Atikarahmanda/Qwen3-4B-SFT-Multitask
Atikarahmanda/Qwen3-4B-SFT-Multitask is a 4 billion parameter Qwen3-based language model fine-tuned by Atikarahmanda for various Natural Language Processing tasks specifically in Bahasa Indonesia. This model specializes in sentiment analysis, justifier classification, and issue categorization, making it suitable for Indonesian-language text classification. It was fine-tuned using LoRA and has its adapter merged into the base weights, supporting a maximum sequence length of 2048 tokens.
Loading preview...
Model Overview
This model, Atikarahmanda/Qwen3-4B-SFT-Multitask, is a 4 billion parameter Qwen3-based language model developed by Atikarahmanda. It has been fine-tuned from aitf-kpm-ugm/Qwen3-4B-CPT-Base using LoRA (with r=64, alpha=128) and the adapter weights are merged into the base model. Its primary focus is on various NLP tasks specifically for Bahasa Indonesia.
Key Capabilities
- Sentiment Analysis: Classifies text into positive, neutral, or negative sentiment categories.

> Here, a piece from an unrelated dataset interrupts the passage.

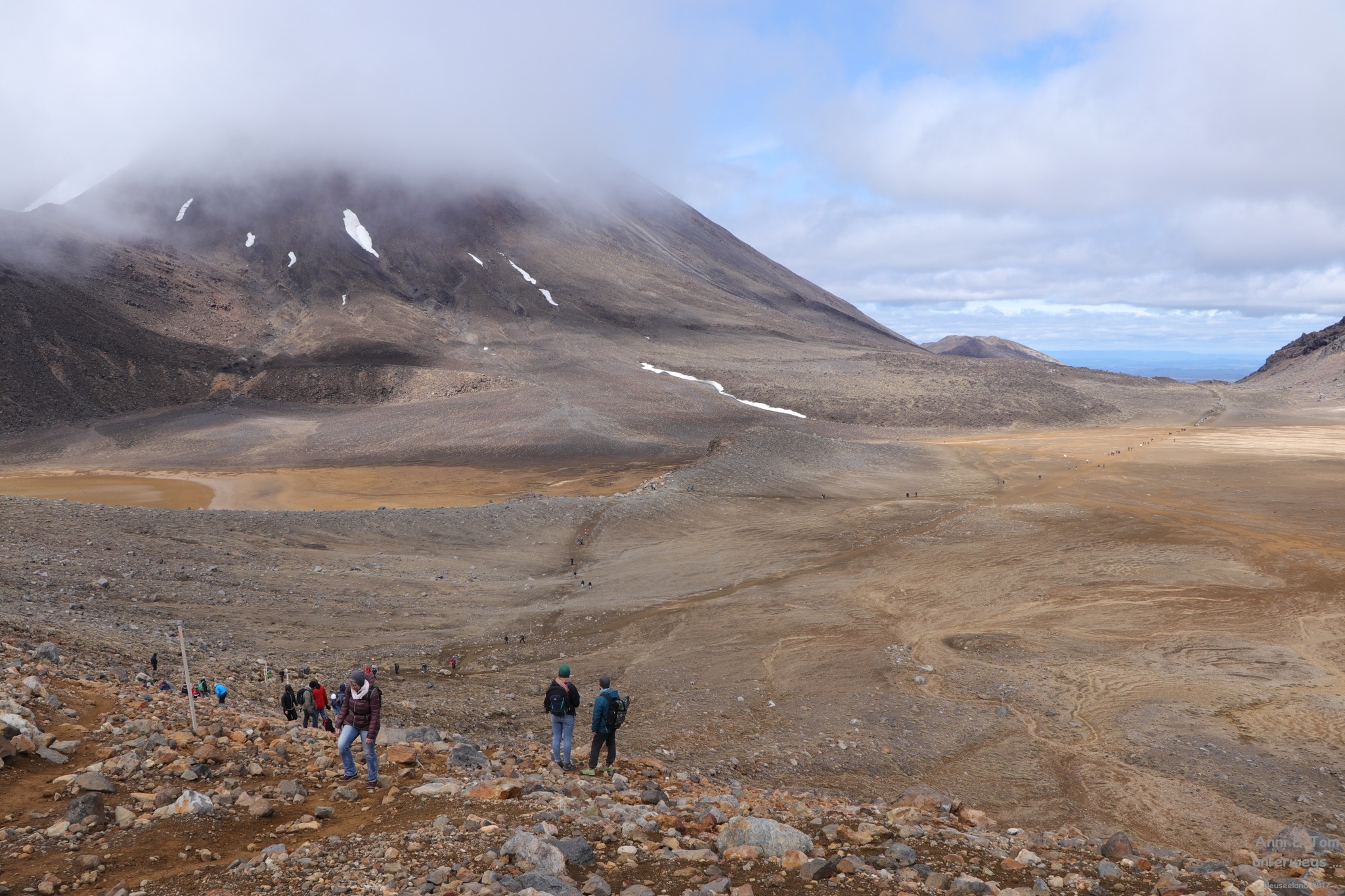 Nach den ersten 5 km ist der höchste Punkt der Wanderung bereits erreicht. Oben angekommen hat man eine wunderbare Sicht auf die Vulkanlandschaft und erblickt 3 Kraterseen, welche teilweise türkisblau gefärbt sind. Der Abstieg zieht sich über den größten Teil der Strecke hin; vorbei an schweflig riechenden und dampfenden Feldern spürt man immer noch die Aktivität der Vulkangegend.
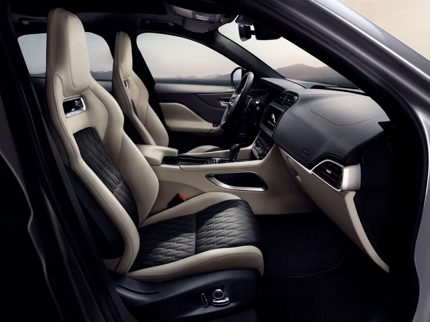 En el interior el F-PACE SVR cuenta con asientos delanteros con soporte lateral mejorado e incorporan grabado el logotipo SVR en relieve. El volante de la marca SVR presenta levas para el cambio en aluminio.

- Justifier Classification: Determines if content is relevant (true/false).
- Issue Categorization: Classifies text into specific sub-category labels.
Technical Details
- Base Model:
aitf-kpm-ugm/Qwen3-4B-CPT-Base - Output Language: Bahasa Indonesia
- Chat Format: Alpaca
- Precision: bfloat16
- Max Sequence Length: 2048 tokens
- Training: 3 epochs, achieving a best validation loss of 0.3566 at step 2400.
Training Framework
The model was trained using Unsloth + TRL SFTTrainer with an AdamW 8-bit optimizer and a Cosine LR scheduler. It utilized an effective batch size of 48 and was configured to train on responses only.
Licensing
This model follows the Apache 2.0 license of its base model.